Posts Tagged ‘Red Team’

Dedicated Micros DV-IP Series Devices Default Credentials

March 1, 2014

Dedicated Micros makes a set of devices under the DV-IP label. In some cases they do not require passwords to access. In other cases they come with default accounts. Below is a list of devices with links to the manual and quoted bits about passwords.

DV-IP ATM

Select Configuration Options. The unit will prompt for a username and password. The default settings are dm and web respectively.

DV-IP Codec

The image shows the User Accounts Administration page. The default passwords are:
Webpage Configuration : Username = dm : password = web
FTP Admin : Username = dmftp : password = ftp
Telnet : Username = dm: password = telnet

DV-IP Encoder

The image shows the User Accounts Administration page.

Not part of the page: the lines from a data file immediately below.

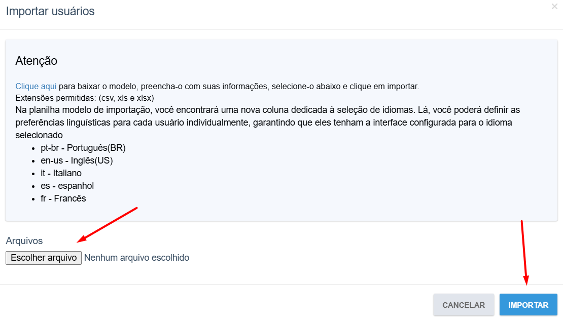 Após preencher com todos os usuários, salve o arquivo e solicite a importação clicando em “Escolher arquivo” secionando a planilha salva, e depois clicando no botão IMPORTAR como mostra a imagem 10.
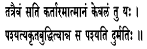 upon the pure Self as the agent, is a man of untrained understanding ; he does
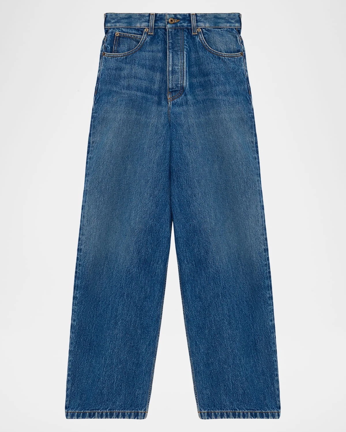 Light whiskering details these Loewe cropped blue jeans. Regular rise Fivepocket style Leather logo patch at the back Relaxed fit Concealed zip fly Cotton/leather Dry clean Made in Italy
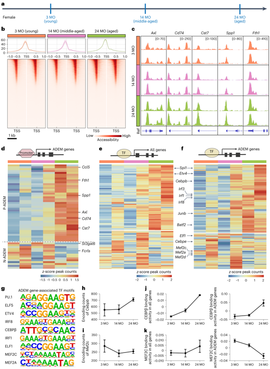 (a) 幼年(3MO)、中年(14MO)和老年(24MO)小鼠的小胶质细胞ATAC-seq方案。(b) ATAC 在三个年龄时在小胶质细胞的 TSS(−1 kb 至 1 kb)周围达到峰值。(c) 代表性基因组浏览器视图,显示Axl、Cd74、Cst7、Spp1和Fth1的 ATAC 峰。(d) ADEM 基因差异可及性染色质启动子区域的热图。 (e-f) 所有基因和 ADEM 基因的差异可及性TF 基序的热图。 (g) ADEM 基因相关 TF 基序的序列标识。(h-i) 折线图显示 TF 编码基因Cebpb(随年龄上调)和Mef2c(随年龄下调)的峰值计数。 (j-k) 折线图显示CEBPβ和MEF2C
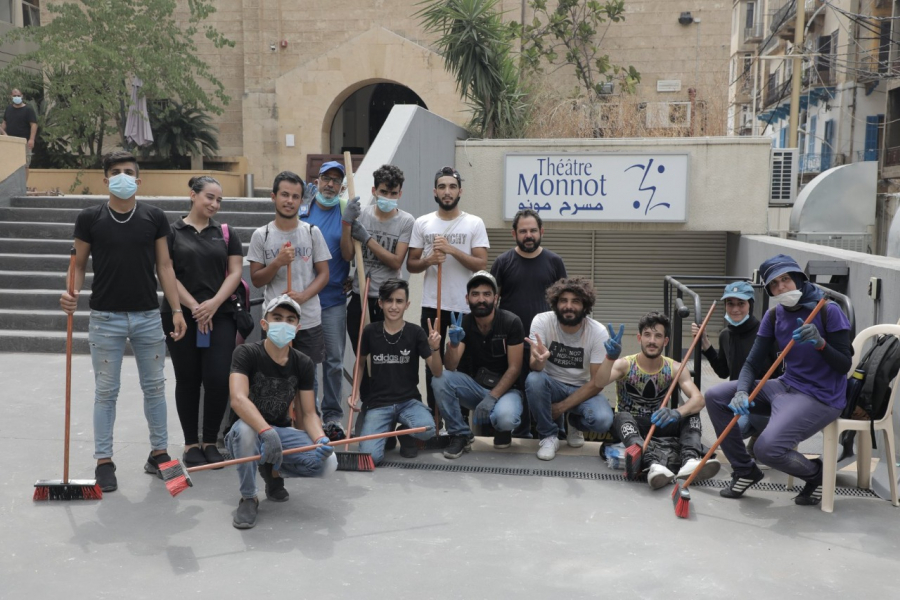 وقال مؤسس "المسرح الوطني اللبناني" الممثل والمخرج قاسم إسطنبولي: "علينا جميعا التضامن في ظل هذه الأزمات الكبيرة، ووجودنا مرتبط ببعضنا البعض، ومشهد التضامن نراه بمشاركة الشباب اللبناني والفلسطيني والسوري والعمال والعاملات العاملين في لبنان بأعمال التنظيف والترميم".

The default passwords are:
Webpage Configuration : Username = dm : password = web
FTP Admin : Username = dmftp : password = ftp
Telnet : Username = dm: password = telnet

DV-IP Express

By default, no Usernames and Passwords are required to access any of the various menus. Usernames and Passwords can however be added to regulate access to the Configuration and Viewer menus.

DV-IP Server

dvip-1

DV-IP NV1 & NV4

By default, no Usernames and Passwords are required to access any of the various menus. Usernames and Passwords can however be added to regulate access to the Configuration and Viewer menus, refer to the ‘Display Settings-> User Accounts’ menu for information on establishing Usernames and Passwords

Advertisements

Mitsubishi Energy Saving Data Collecting Server (EcoWebServer III) MES3-255C-EN Default Credentials

February 28, 2014

The Mitsubishi Energy Saving Data Collecting Server (EcoWebServer III) MES3-255C-EN uses several default credentials according to the manual. These require local access for the software and do not appear to work for the web server.

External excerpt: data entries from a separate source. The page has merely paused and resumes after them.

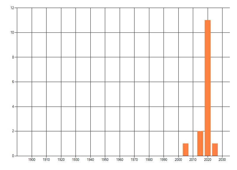 Het aantal atlasblokken (5x5 km) waarin de soort is gemeld binnen een periode van vijf jaar (vanaf 1980) of twintig jaar. Niet gecorrigeerd voor waarnemersinspanning en het aantal doorgegeven waarnemingen kan sterk variëren per periode, dus een trend in verspreiding kan hier niet direct uit worden afgelezen. Het opgegeven jaartal is het eerste jaar van de periode. Bron: gevalideerde waarnemingen uit de NDFF.
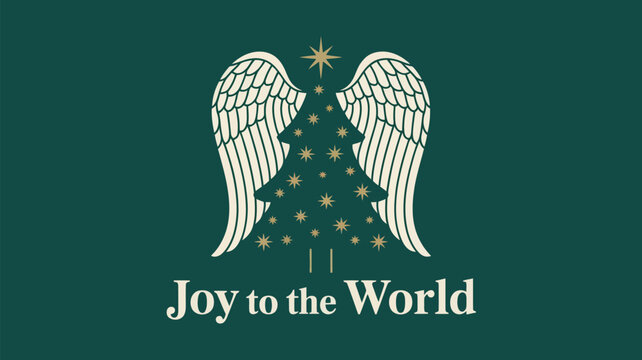 Elegant Christmas tree with angelic wings and star, proclaiming "Joy to the World" for festive holiday designs
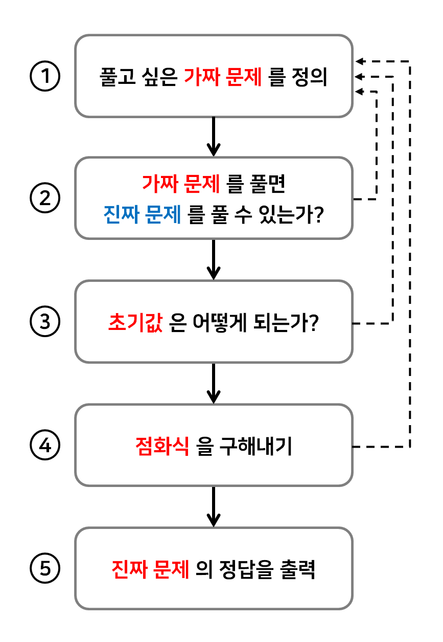 진짜 문제를 풀 수 없는 경우, 다시 1번으로 돌아가서 가짜 문제를 정의한다.
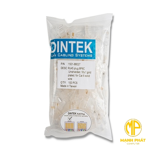 Modular plug DINTEK đầu RJ45 CAT.6 3 prongs contact 50u Gold plated 100pcs/bag 1501-88028
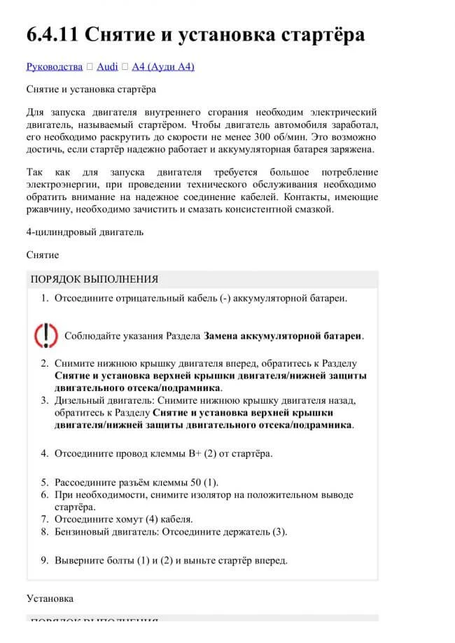 Как снять стартер Ауди А4 Б6

Enter the maintenance password (factory setting: ecopass) in the Password field, and click the [Change] button.

Writing the project via LAN
Select the [Write in this product via LAN.] radio button, and input the login ID and password for system administration in the [Login ID] and [Password] text boxes respectively.
(The default login ID and password are “ecoV” and “ecopass“.)

Reading the project via LAN
Select the [Read from this product via LAN.] radio button, and input the login ID and password for system administration in the [Login ID] and [Password] text boxes respectively.
(The default login ID and password are “ecoV” and “ecopass“.)

Checking the project via LAN
Select the [ Via Ethernet.] radio button, and input the login ID and passwordfor system administration in the [Login ID] and[Password] text boxes respectively.
(The default login ID and password are “ecoV” and “ecopass“.)

Changing the data acquisition login ID and password
The following describes the steps for changing the data acquisition login ID and password.
* The default data acquisition login ID and password are “guest” and “user“, respectively.
(The default system administration login ID and password are “ecoV” and “ecopass“, respectively.)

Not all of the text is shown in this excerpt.